Age minimum	>= 18age old
Age maximum	Not applicable
Gender	Both
Include criteria	Criteria for obtaining consent (1) Patients who are able to obtain written consent for study participation of their own free will (2) Patients who are 18 years old or older (3) Patients with a body weight (dry weight) of 40 kg or more (4) Patients who have undergone hemodialysis at least once a week for at least 12 weeks and are scheduled to undergo hemodialysis during Visit 2 (Day 2 to Day 4) (5) Women of childbearing potential who are able to use adequate contraception with their partners if they have sexual intercourse during the period of study drug administration and within 2 weeks after the last dose. Criteria for case enrollment and administration of research drug (6) Patients diagnosed with COVID-19 by nucleic acid amplification (PCR, LAMP, etc.), antigen test (qualitative, quantitative) (7) Patients with mild disease classified by the severity classification in the Guide to the Diagnosis and Treatment of COVID-19(Edition 10.1).(Severity: mild disease, oxygen saturation: SpO2 >= 96%, clinical condition: no respiratory symptoms or cough only, no dyspnea, no evidence of pneumonia) (8) Patients who can receive research drug within 72 hours of COVID-19 onset
Exclude criteria	1) Patients who, are strongly suspected to have worsening symptoms of SARS-CoV-2 infection within 48 hours after obtaining consent 2) Patients with suspected active bacterial, fungal, or a other viral infection requiring treatment at the time of consent 3) Patients who have an FDL catheter (Flexible double lumen catheter) or long-term indwelling catheter for hemodialysis 4) Patients with severe liver dysfunction (Child Pugh C level) 5) Women who are pregnant or may be pregnant 6) Women who are giving breast-feeding 7) Patients with immunodeficient status. 8) Patients who have used the following drugs within 14 days prior to the consent -Treatment agents approved for SARS-CoV-2 infection -Drugs that have been reported to potentially act against SARS-CoV-2 (plasma of convalescent patients, ivermectin, fabipiravir, etc.) 9) Patients with drug abuse 10) Patients with a history of hypersensitivity or allergy to ensitrelvir or its components 11) Patients who are receiving or are scheduled to receive the drug contraindicated with ensitrelvir during the period of ensitrelvir administration. 12) Patients who have used CYP3A inducers that are contraindicated with ensitrelvir within 14 days prior to obtaining consent -Apalutamide (Arlida) -Carbamazepine (Tegretol) -Enzalutamide (Ixtanzi) -Mitotane (Opeprim) -Phenytoin (Hydantol, Aleviatin) -Fosphenytoin sodium hydrate (Hostin) -Rifampicin (Rifadin) -Food products containing St.
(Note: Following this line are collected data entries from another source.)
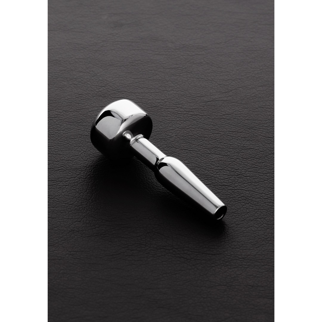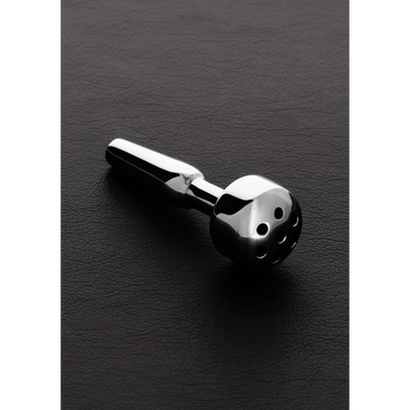 Plug de uretra Sprinkler em aço inoxidável cirúrgico, com acabamento polido e liso. Ideal para amantes de desportos aquáticos, oferece múltiplas possibilidades de uso, deixando a imaginação ditar o prazer. O comprimento inserível é de 3,5 cm e o diâmetro de 0,9 cm. Fácil de limpar, este brinquedo da gama Shots Steel é produzido com materiais de alta qualidade para segurança e durabilidade.
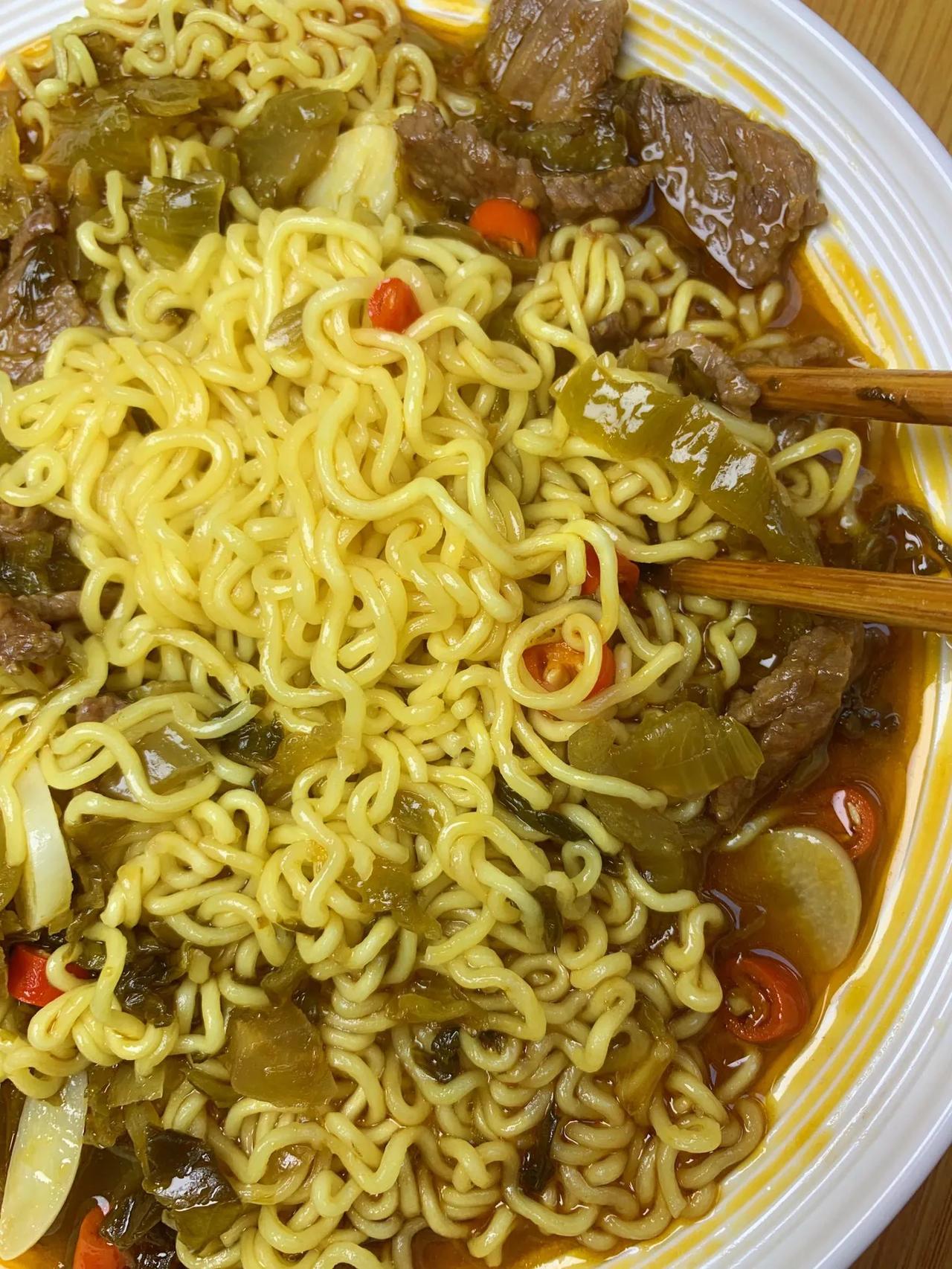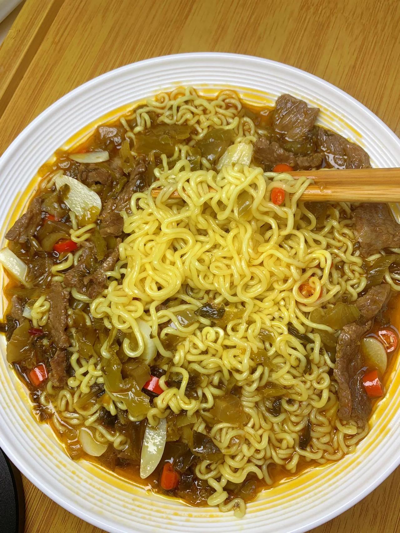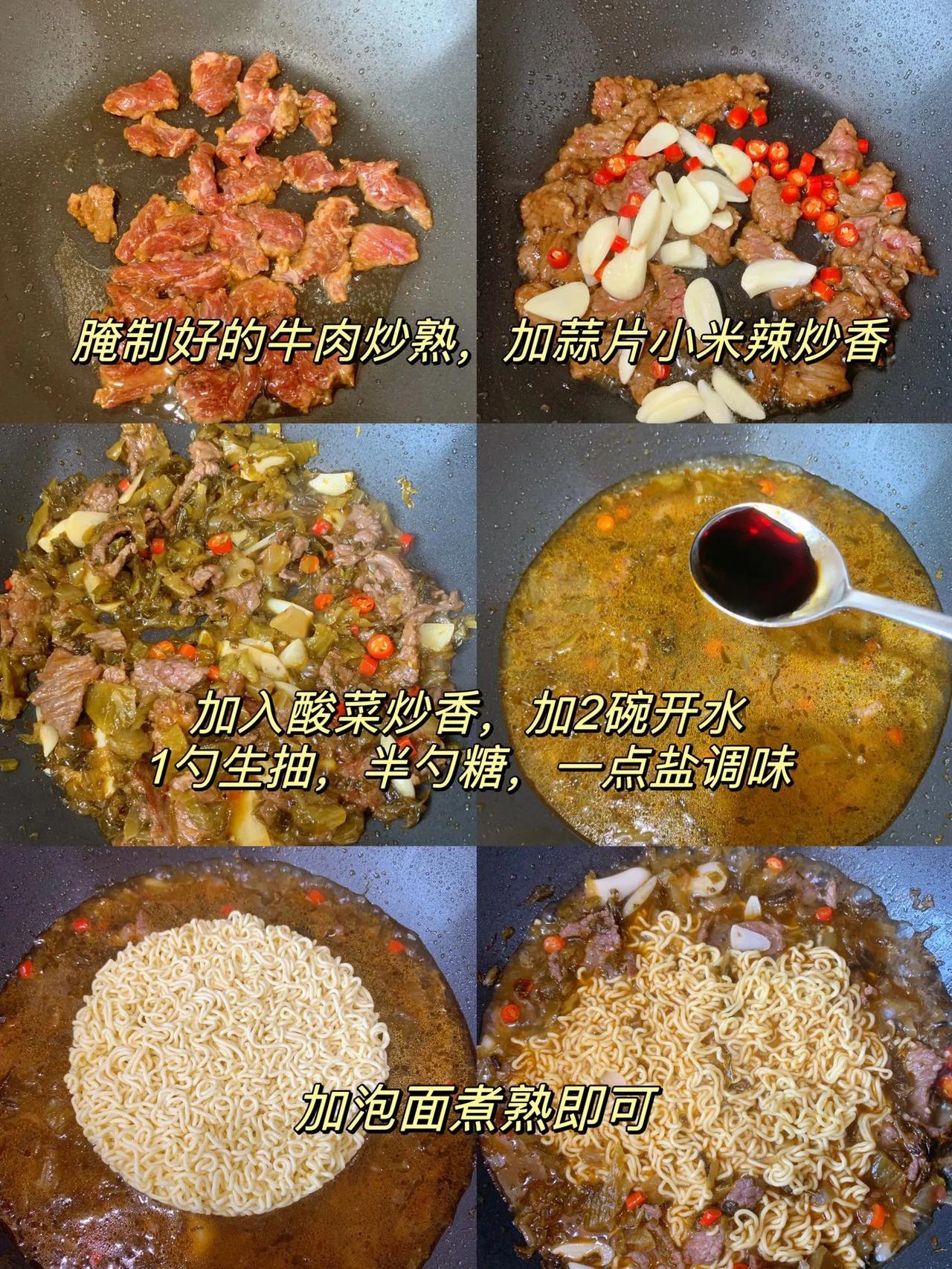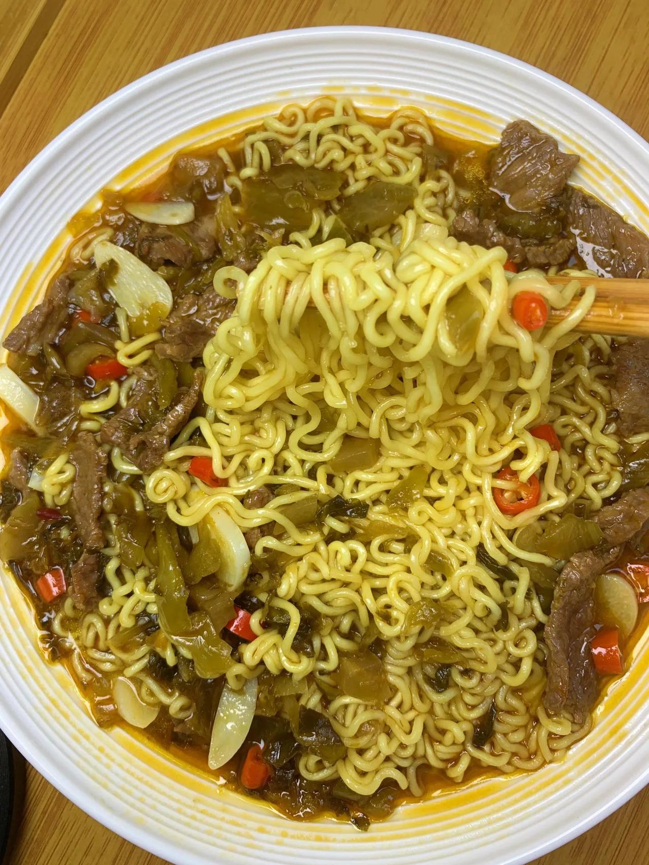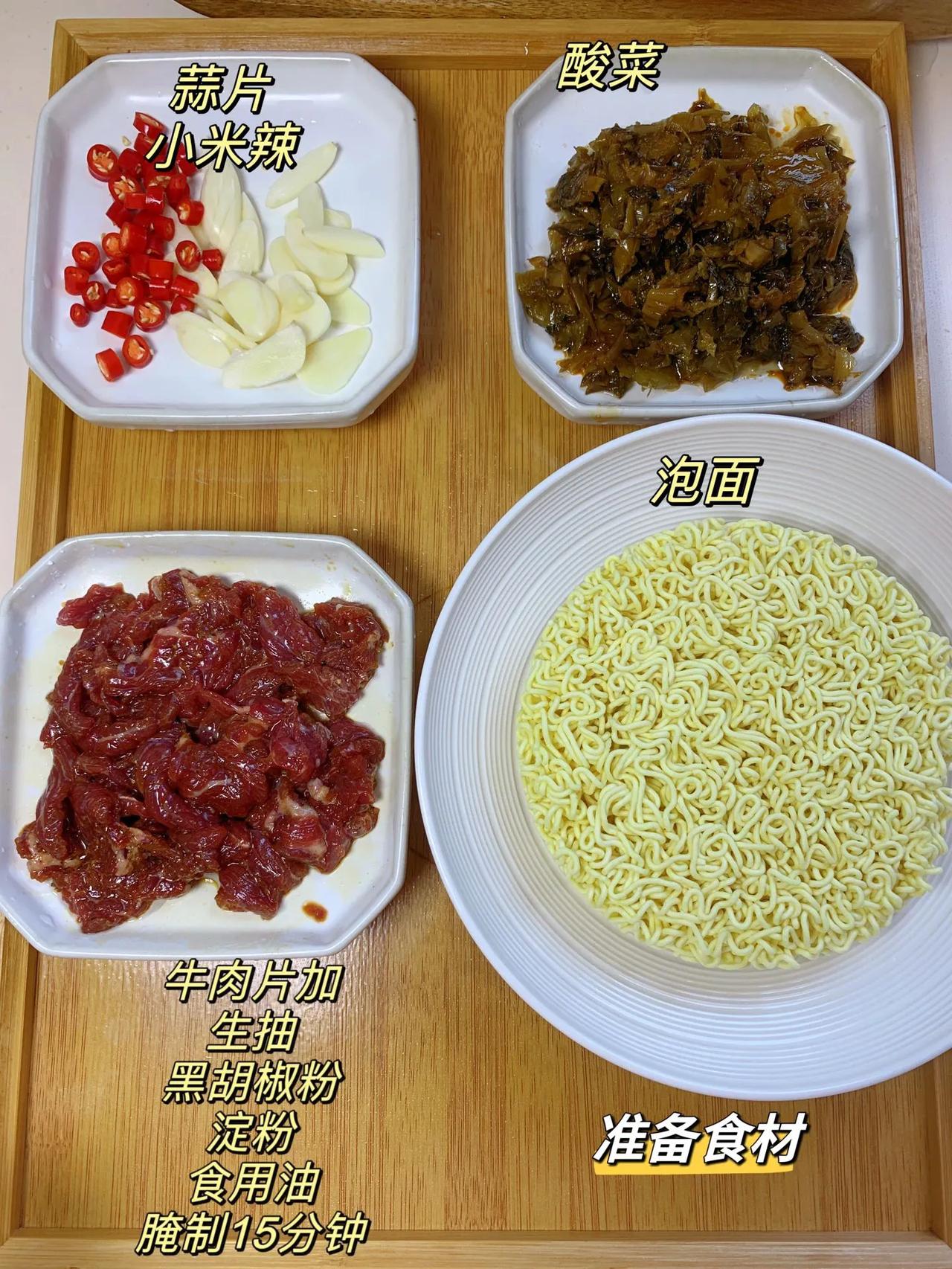 一定要试试这个面条!真的巨好吃! 今天我们吃酸菜牛肉面牛肉滑嫩,酸菜解腻,好吃到可以去开店了! 做法: 1、牛肉片加生抽、黑胡椒粉、淀粉、食用油腌制15分钟; 2、腌制好的牛肉炒熟,加蒜片、小米辣炒香,加入酸菜炒香,加2碗开水、1勺生抽、半勺糖、一点盐调味,加泡面煮熟即可。
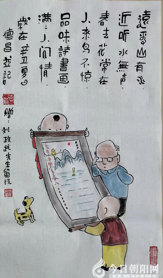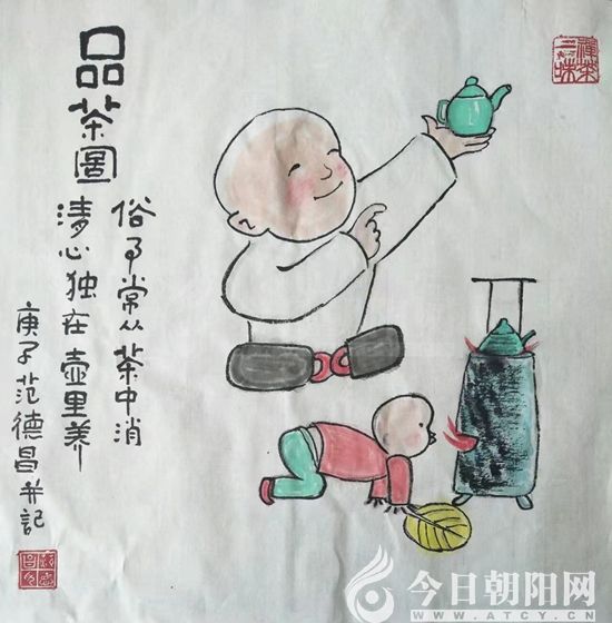 范德昌,今日朝陽網(wǎng)文化信使,1955年生于山東濰坊,自幼酷愛書畫?,F(xiàn)為山東省美術(shù)家協(xié)會會員,山東省漫畫協(xié)會理事兼副秘書長,漫畫人生指導(dǎo)老師,《婦女雜志》《女人觀天下》等報刊簽約畫家。30多年來,在全國160余家報刊發(fā)表作品6000余件,260余次獲獎。1994年至今,已岀版12本個人畫集。40多件作品被日本、韓國、新加坡和中國臺灣、香港的企業(yè)家及朋友收藏,被多家新聞媒體譽為扎根基層的民俗畫家,被評為“山東省百名讀書人物”和提名為“百名文化名人”。風(fēng)格獨特、個性鮮明的水墨小品,貼近生活,寓教于樂,深受大眾喜愛。事跡和畫作被收編入《中國人才薈萃》、《二十一世紀人才庫》等8本辭書和傳記,18幅孝文化作品被收編于《銀齡書畫冊》。
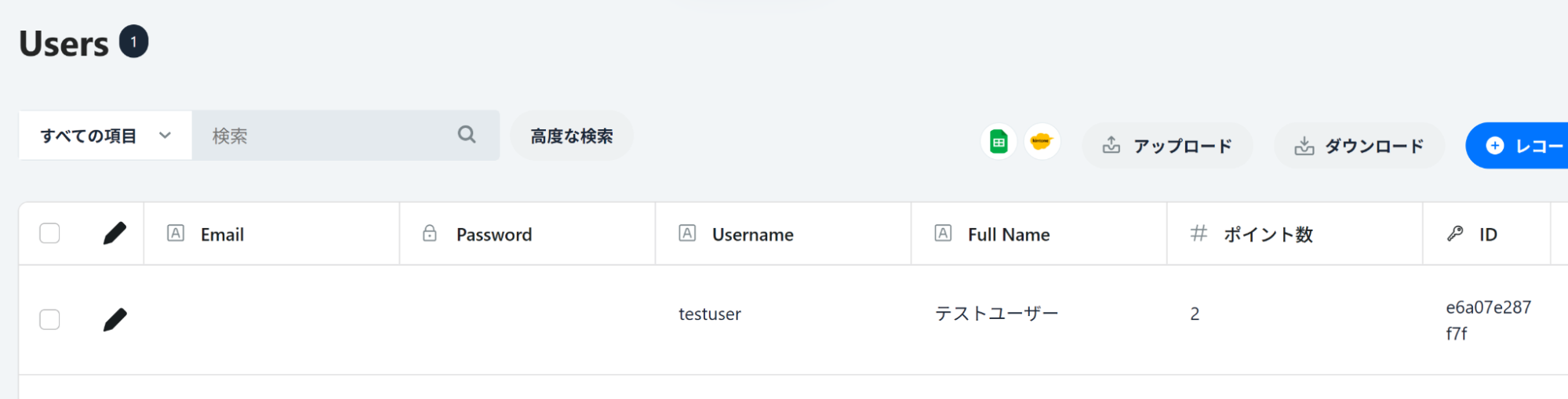 `Users`テーブルに、`ポイント`項目(数値型 )を追加します。初期値が0になるよう、ユーザーの新規登録のアクションで0を入力するようにします。

John's wort (St. John's wort) 13) Patients unable to swallow ensitrelvir 14) Patients who are participating in other interventional studies or have participated in this study 15) Patients who have participated in a clinical trial of a drug within the past year and have taken an investigational drug. 16) Patients who are deemed inappropriate as research subjects for other reasons by the principal investigator or sub investigator.